== Material for this exercise
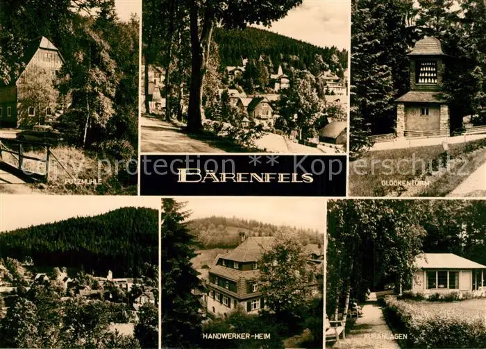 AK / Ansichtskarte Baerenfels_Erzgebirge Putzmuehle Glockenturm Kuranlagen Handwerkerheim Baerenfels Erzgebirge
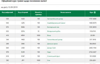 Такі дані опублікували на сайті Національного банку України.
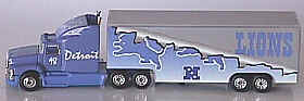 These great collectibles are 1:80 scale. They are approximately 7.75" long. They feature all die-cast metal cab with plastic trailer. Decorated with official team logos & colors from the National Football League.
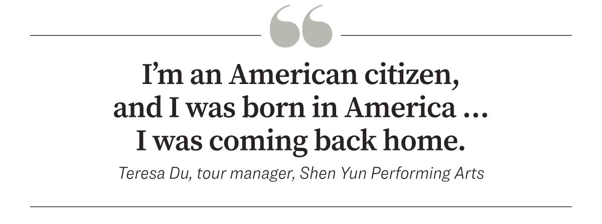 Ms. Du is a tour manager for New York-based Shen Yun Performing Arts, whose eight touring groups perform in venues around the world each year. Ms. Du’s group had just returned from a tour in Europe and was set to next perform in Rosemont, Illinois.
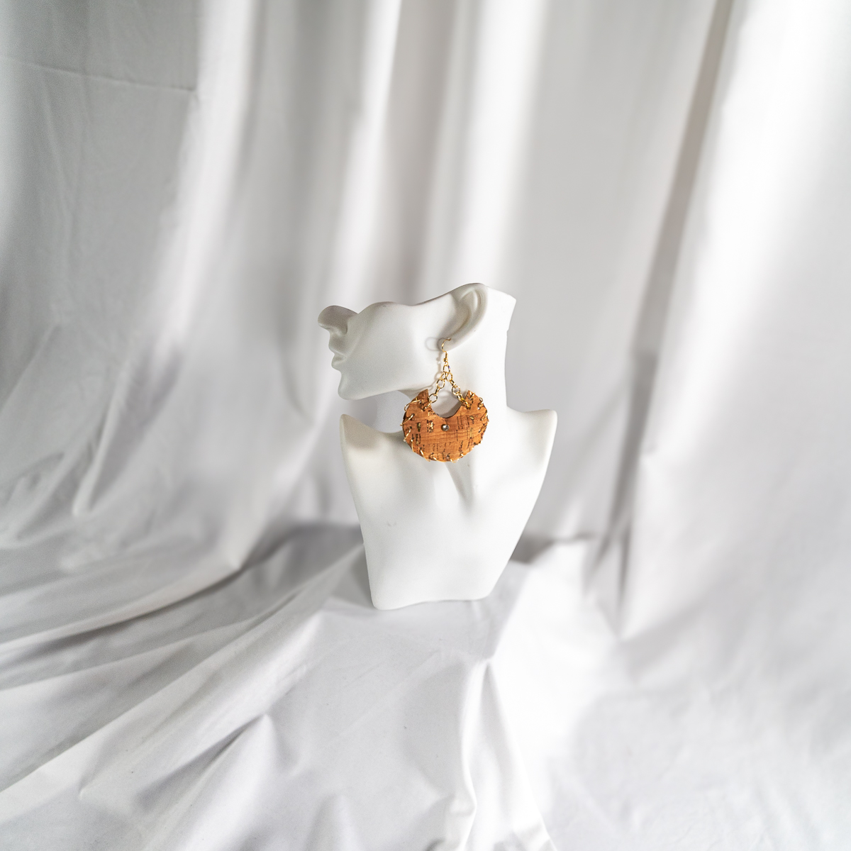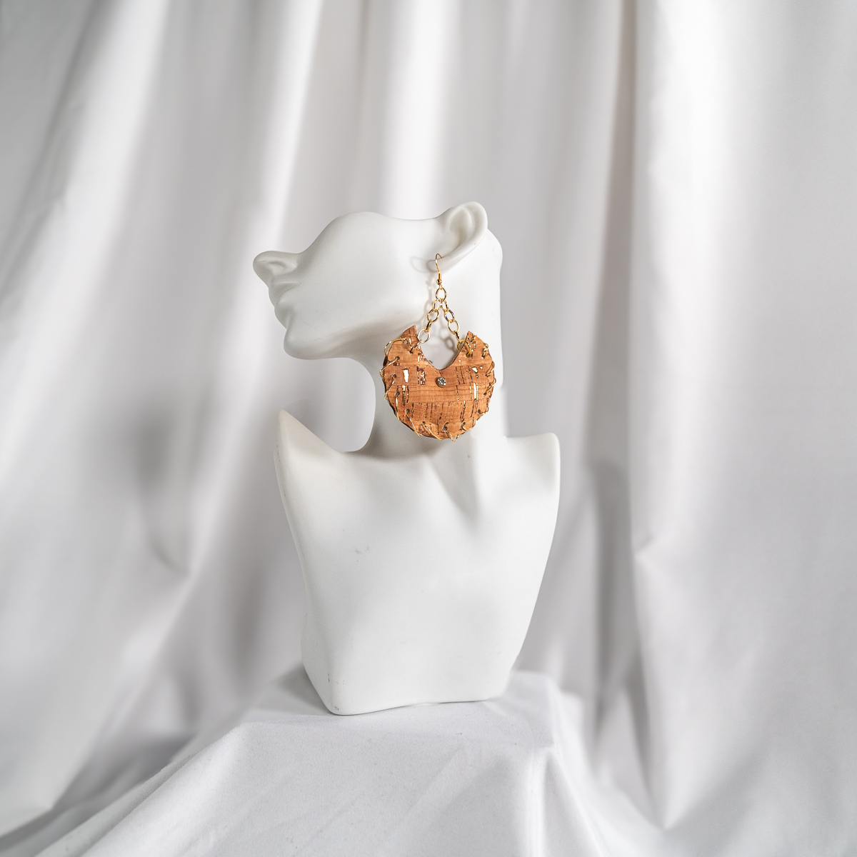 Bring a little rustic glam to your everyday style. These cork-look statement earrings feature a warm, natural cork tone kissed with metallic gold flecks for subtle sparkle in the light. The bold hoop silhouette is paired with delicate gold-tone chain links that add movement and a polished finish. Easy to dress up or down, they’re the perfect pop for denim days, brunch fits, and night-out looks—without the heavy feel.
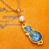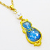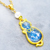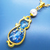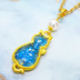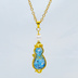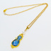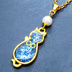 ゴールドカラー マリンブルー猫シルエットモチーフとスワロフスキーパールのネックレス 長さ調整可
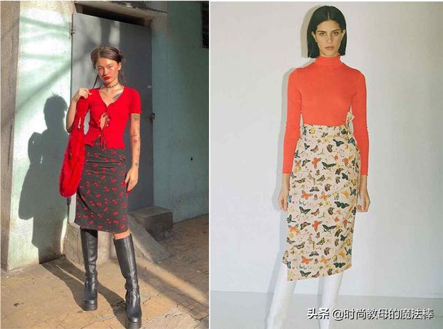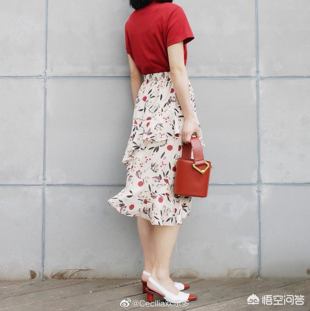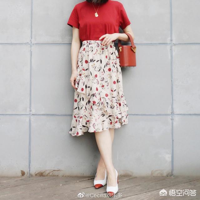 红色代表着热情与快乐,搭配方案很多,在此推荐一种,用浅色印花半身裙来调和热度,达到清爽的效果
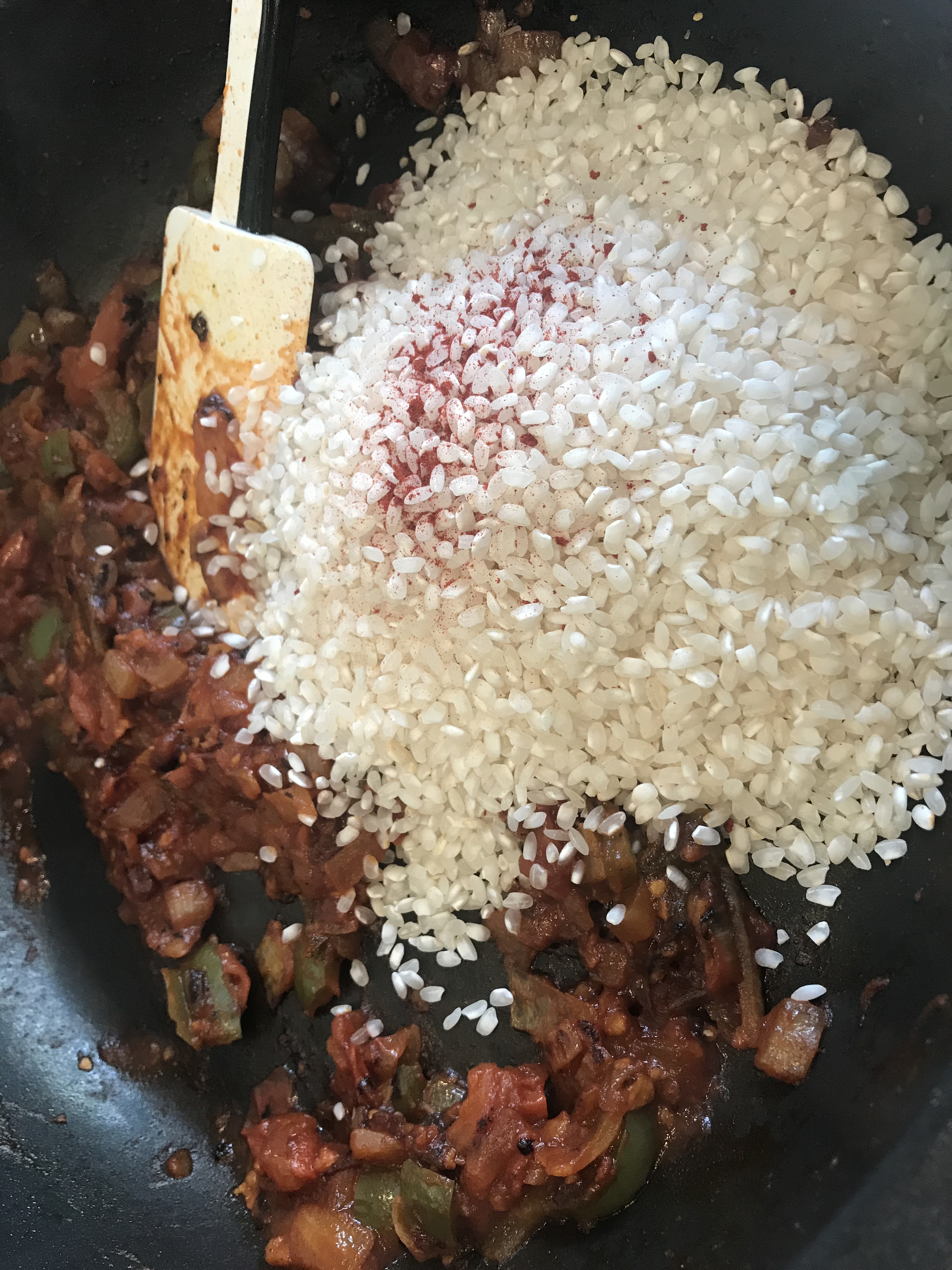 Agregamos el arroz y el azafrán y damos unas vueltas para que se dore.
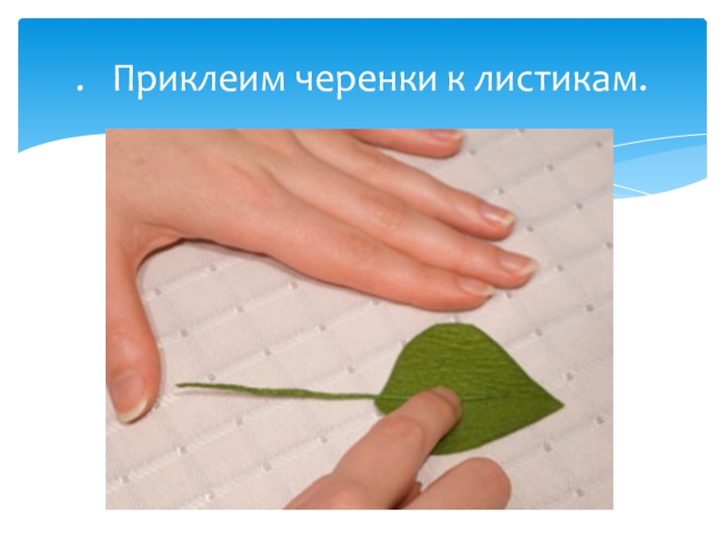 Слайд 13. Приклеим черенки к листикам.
====
About this task: Line by line and exactly, reproduce the span from the line with "Bring a little" through the end of the data above, both ends included, with pictures left out.

Finished task:
 Bring a little rustic glam to your everyday style. These cork-look statement earrings feature a warm, natural cork tone kissed with metallic gold flecks for subtle sparkle in the light. The bold hoop silhouette is paired with delicate gold-tone chain links that add movement and a polished finish. Easy to dress up or down, they’re the perfect pop for denim days, brunch fits, and night-out looks—without the heavy feel.
 ゴールドカラー マリンブルー猫シルエットモチーフとスワロフスキーパールのネックレス 長さ調整可
 红色代表着热情与快乐,搭配方案很多,在此推荐一种,用浅色印花半身裙来调和热度,达到清爽的效果
 Agregamos el arroz y el azafrán y damos unas vueltas para que se dore.
 Слайд 13. Приклеим черенки к листикам.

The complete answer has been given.